Voice Streaming API
This API allows to programmatically initiate an outgoing voice stream call, connecting a user's mobile number to a media WebSocket for real-time interaction.
We offer two kind of voice streaming services to be integrated with bots:
Outgoing Voice Streaming
The service consists of two main components:
A REST API for initiating calls and checking service health
A WebSocket interface for real-time bidirectional audio streaming
Important: In this architecture, your application hosts the WebSocket server, and Alohaa our Voice Stream service hosts web socket client.
API Reference
POST https://voice-stream.alohaa.ai/v1/voice-stream/call
Parameters
Request Headers
Content-type
application/json
Specifies the content type of the request
Yes
x-metro-api-key
*************************
Your API key for authentication purposes.
Yes
Request Body
mobile_number
String
Phone number of the user to be called. Must be a valid 10 digit mobile number.
Yes
did
String
Direct Inward Dialing (DID) number to be used for placing the call. Must be a valid 10 digit DID number.
Yes
ws_url
String
WebSocket URL where the call's audio will be streamed in real-time.
Yes
webhook_details
Boolean
Webhook configuration to receive call lifecycle events. Must be a stringified JSON. url and request_type are mandatory. api_key and api_value are optional.
No
Sample Request
curl --location 'https://voice-stream.alohaa.ai/v1/voice-stream/call' \
--header 'x-metro-api-key: API_KEY' \
--header 'Content-Type: application/json' \
--data '{
"mobile_number": "77XXXXXXXX",
"did": "8645XXXXXX",
"ws_url": "wss://voicebot.dev.alohaa.ai/media",
"webhook_details": {
"url": "CALLBACK_URL"
}
}'Responses
Success Response
{
"success": true,
"response": {
"message": "Call setup in progress",
"status": "initiated",
"callId": "a47f91c2e8d44b77b65f13f9"
}
}Failure Response
{
"success": false,
"error": {
"code": 1022,
"reason": "Organisation does not exists"
}
}Please go through the diagram to understand the overall flow:

Status Codes
200 OK
Request successful. Call initiation in progress.
400 Bad Request
Invalid parameters
500 Internal Server Error
Server encountered an error
WebSocket Protocol
Connection Architecture
Important: In this architecture, your application hosts the WebSocket server, and our Voice Stream service connects to it as a client.

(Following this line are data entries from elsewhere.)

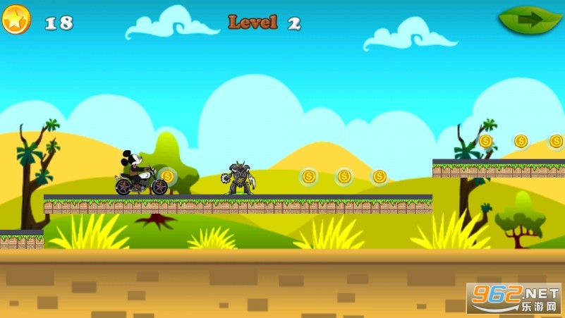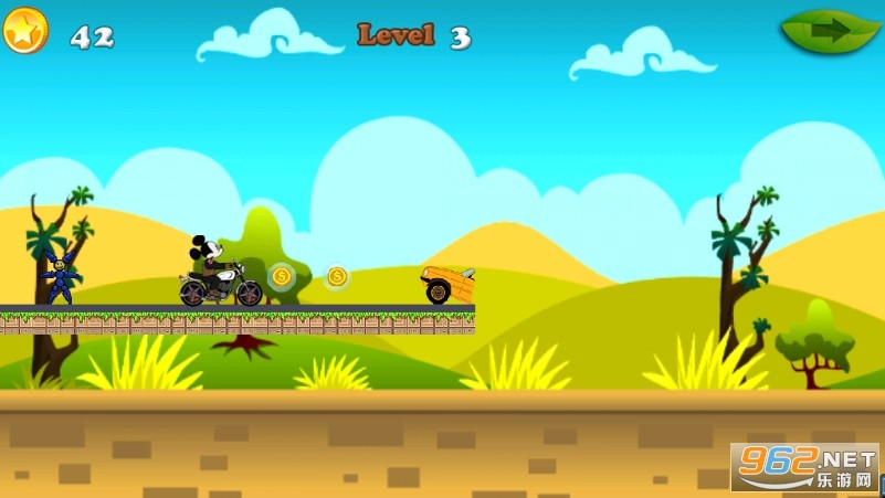 《米奇冒险骑士》是一款卡通画风的休闲闯关游戏,采用的是2D横版风格,可爱的米奇骑着它心爱的摩托车开始闯关了,控制好避开障碍物,千万不要想着撞开障碍物,里面的障碍物非常坚固,会将米奇的摩托车撞坏的,跳跃避开障碍,有些时候能借助道具哦。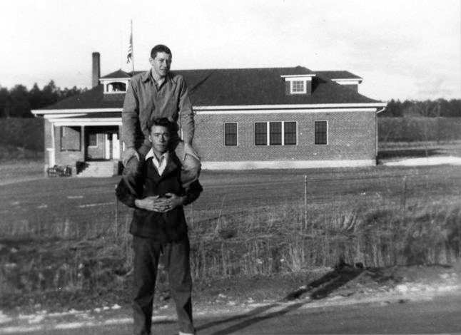 Keith Webster and Worthing Taylor (below) standing in front of the Larkspur School Building, 1943-1944. Courtesy of the Larkspur Historical Society.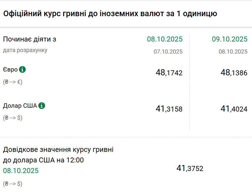 Так, на четвер, 9 жовтня, Нацбанк встановив офіційний курс на рівні 41,40 гривні за один долар. Офіційний курс у середу становив 41,31 гривні за один долар. На готівковому ринку долар зріс на п'ять копійок — 41,55 гривні.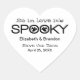 Fun and quirky Spooky Typography Halloween Save the Date Stickers in white and black featuring a fun text design of the word "spooky" with a pair of charming ghosts haunting the two "O" letters. This chic design is perfect for announcing your wedding date around or on Halloween. Easy to customize, simply add the details of you wedding in the text fields provided. For more customization options, click on the "Customize It" button to change fonts, text colours or move the design element.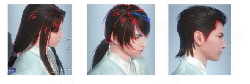 古风男生头发的画法。

You host a WebSocket server at a publicly accessible URL
You provide this URL in the
wsUrlparameter when initiating a callOur Voice Stream service connects to your WebSocket server as a client
Real-time bidirectional audio streaming occurs through this WebSocket connection
Protocol Flow
You host a WebSocket server at a publicly accessible URL.
You initiate a call via our REST API, providing your WebSocket server URL
Our service connects to your WebSocket server
Our service registers with your server by sending a "connected" event
Your server confirms registration by responding with a "connected" event
Greeting event: the service plays the greeting audio file at the start of the call. (Optional)
Exchange Media (Bidirectional)
Connection Termination (When either party ends the call)
Events
1. Connected [Websocket Client(Alohaa application) → WebSocket Server (Customer application)]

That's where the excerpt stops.